----- THE DATA

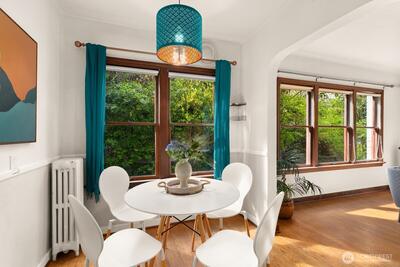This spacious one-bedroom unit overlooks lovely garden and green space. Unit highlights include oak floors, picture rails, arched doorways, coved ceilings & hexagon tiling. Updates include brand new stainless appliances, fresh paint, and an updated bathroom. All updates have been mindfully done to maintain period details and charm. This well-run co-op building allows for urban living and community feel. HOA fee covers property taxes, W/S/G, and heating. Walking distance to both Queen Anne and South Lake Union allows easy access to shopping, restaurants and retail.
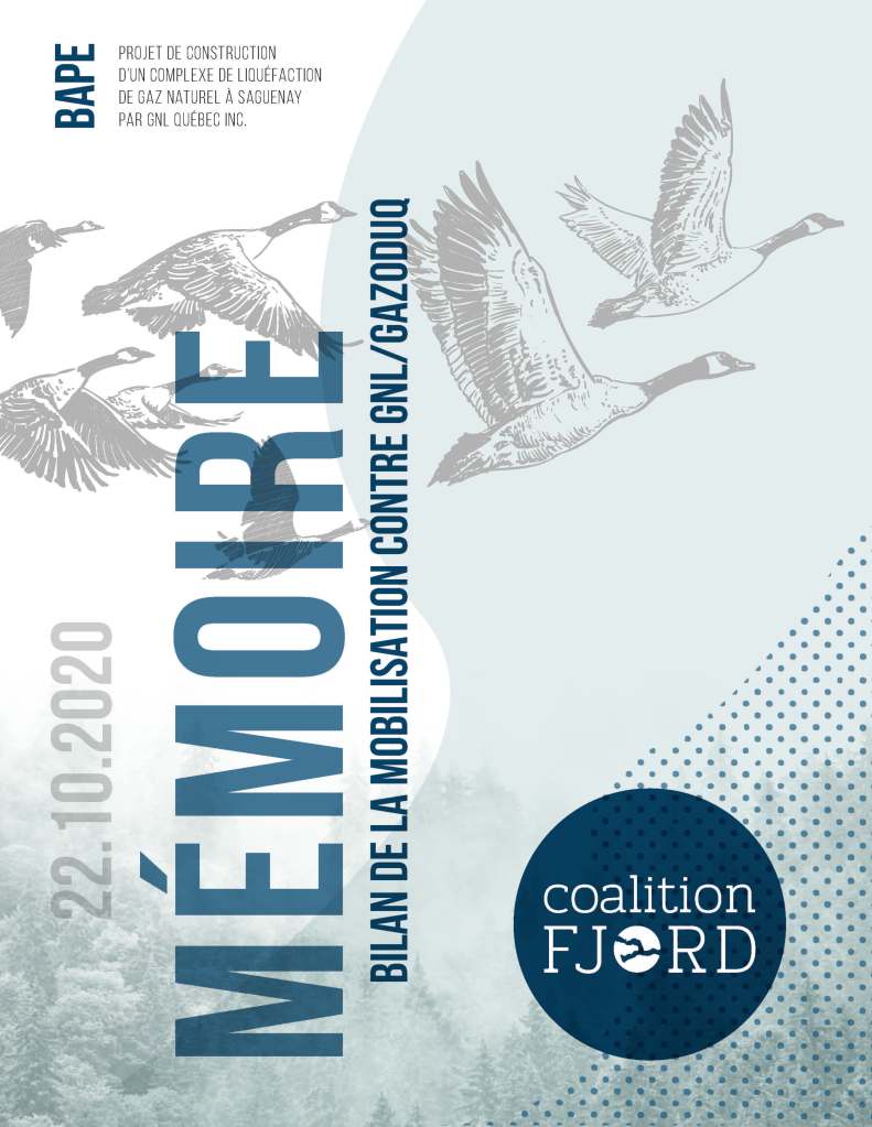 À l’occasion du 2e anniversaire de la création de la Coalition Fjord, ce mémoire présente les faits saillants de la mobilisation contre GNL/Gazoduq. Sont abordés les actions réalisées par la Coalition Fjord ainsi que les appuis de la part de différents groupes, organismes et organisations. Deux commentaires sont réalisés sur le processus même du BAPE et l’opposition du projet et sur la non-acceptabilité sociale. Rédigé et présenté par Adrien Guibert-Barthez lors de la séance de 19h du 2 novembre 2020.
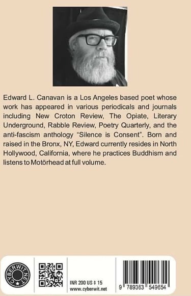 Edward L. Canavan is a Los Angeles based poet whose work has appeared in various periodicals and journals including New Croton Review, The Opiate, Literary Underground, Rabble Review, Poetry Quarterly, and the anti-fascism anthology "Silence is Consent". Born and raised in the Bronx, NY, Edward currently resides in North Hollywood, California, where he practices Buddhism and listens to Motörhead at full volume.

----------

### AIM OF THE TASK:
Would you output, word for word, only the lines running from the line with "À l’occasion du" to the end of the listing above, both ends included, with no pictures?

### PROBLEM SOLUTION:
 À l’occasion du 2e anniversaire de la création de la Coalition Fjord, ce mémoire présente les faits saillants de la mobilisation contre GNL/Gazoduq. Sont abordés les actions réalisées par la Coalition Fjord ainsi que les appuis de la part de différents groupes, organismes et organisations. Deux commentaires sont réalisés sur le processus même du BAPE et l’opposition du projet et sur la non-acceptabilité sociale. Rédigé et présenté par Adrien Guibert-Barthez lors de la séance de 19h du 2 novembre 2020.
 Edward L. Canavan is a Los Angeles based poet whose work has appeared in various periodicals and journals including New Croton Review, The Opiate, Literary Underground, Rabble Review, Poetry Quarterly, and the anti-fascism anthology "Silence is Consent". Born and raised in the Bronx, NY, Edward currently resides in North Hollywood, California, where he practices Buddhism and listens to Motörhead at full volume.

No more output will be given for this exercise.